◆ DIRECTIONS ◆
Beginning with the line below that contains "- Clean epoxy" and ending with the line that contains "Au-dessus du meuble", retype every line exactly. Pictures are not copied.

◆ RAW DATA ◆
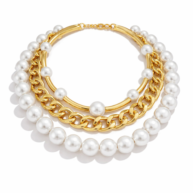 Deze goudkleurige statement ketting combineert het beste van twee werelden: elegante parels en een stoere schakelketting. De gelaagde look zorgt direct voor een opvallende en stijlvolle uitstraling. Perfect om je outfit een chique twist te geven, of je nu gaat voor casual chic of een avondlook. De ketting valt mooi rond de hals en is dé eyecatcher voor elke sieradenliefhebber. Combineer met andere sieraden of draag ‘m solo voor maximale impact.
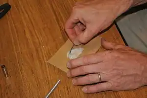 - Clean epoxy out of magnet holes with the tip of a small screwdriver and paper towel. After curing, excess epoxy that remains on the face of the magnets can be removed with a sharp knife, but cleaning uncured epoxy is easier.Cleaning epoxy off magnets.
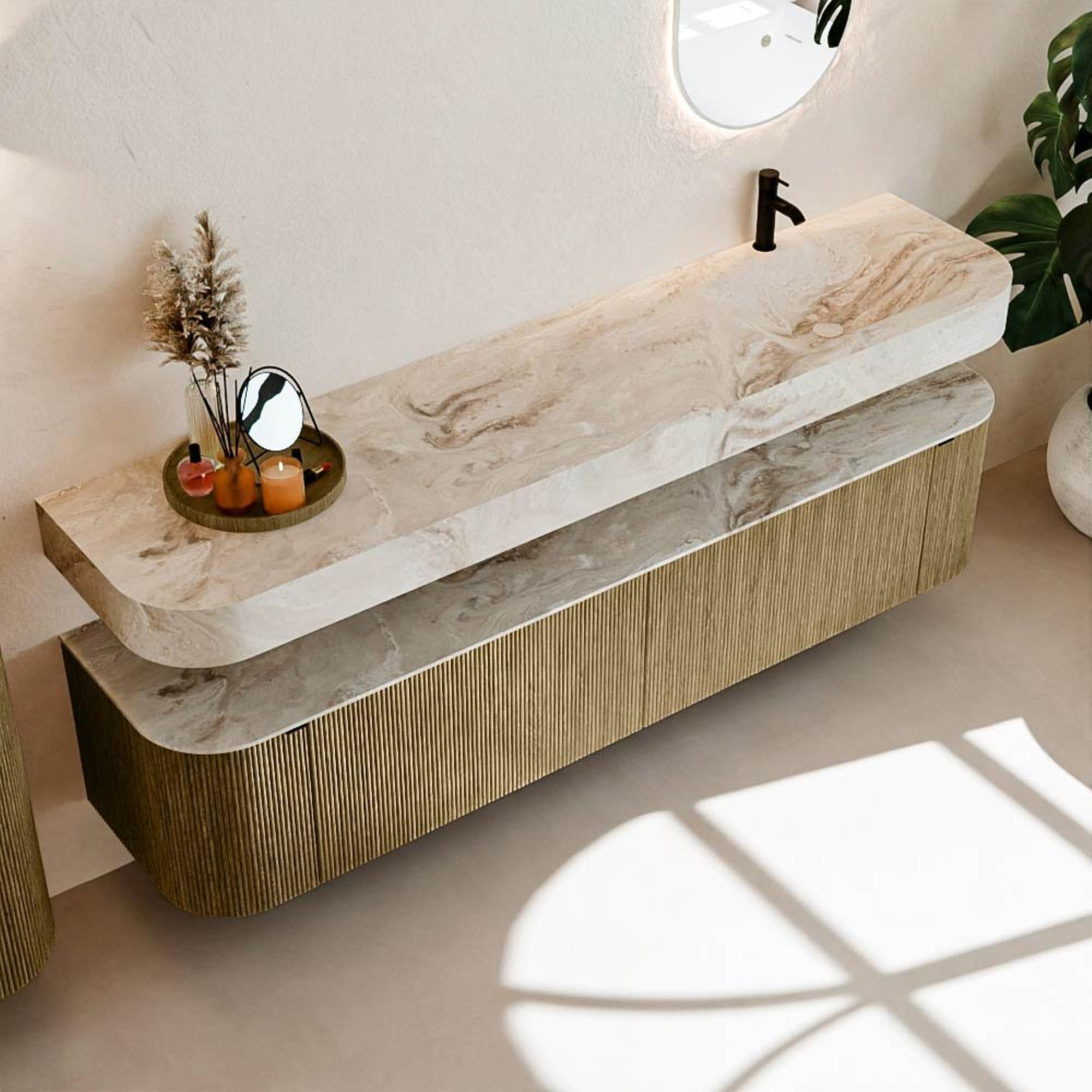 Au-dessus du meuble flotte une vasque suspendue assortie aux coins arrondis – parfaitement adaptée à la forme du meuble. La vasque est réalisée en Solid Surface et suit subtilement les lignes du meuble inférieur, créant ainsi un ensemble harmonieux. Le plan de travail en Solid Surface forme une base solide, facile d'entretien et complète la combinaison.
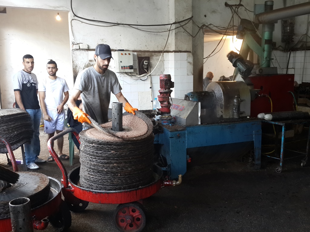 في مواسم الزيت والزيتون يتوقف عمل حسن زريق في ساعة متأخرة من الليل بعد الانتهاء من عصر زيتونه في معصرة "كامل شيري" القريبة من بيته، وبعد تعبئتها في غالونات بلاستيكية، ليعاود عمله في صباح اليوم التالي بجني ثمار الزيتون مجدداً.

◆ RESPONSE BELOW ◆
 - Clean epoxy out of magnet holes with the tip of a small screwdriver and paper towel. After curing, excess epoxy that remains on the face of the magnets can be removed with a sharp knife, but cleaning uncured epoxy is easier.Cleaning epoxy off magnets.
 Au-dessus du meuble flotte une vasque suspendue assortie aux coins arrondis – parfaitement adaptée à la forme du meuble. La vasque est réalisée en Solid Surface et suit subtilement les lignes du meuble inférieur, créant ainsi un ensemble harmonieux. Le plan de travail en Solid Surface forme une base solide, facile d'entretien et complète la combinaison.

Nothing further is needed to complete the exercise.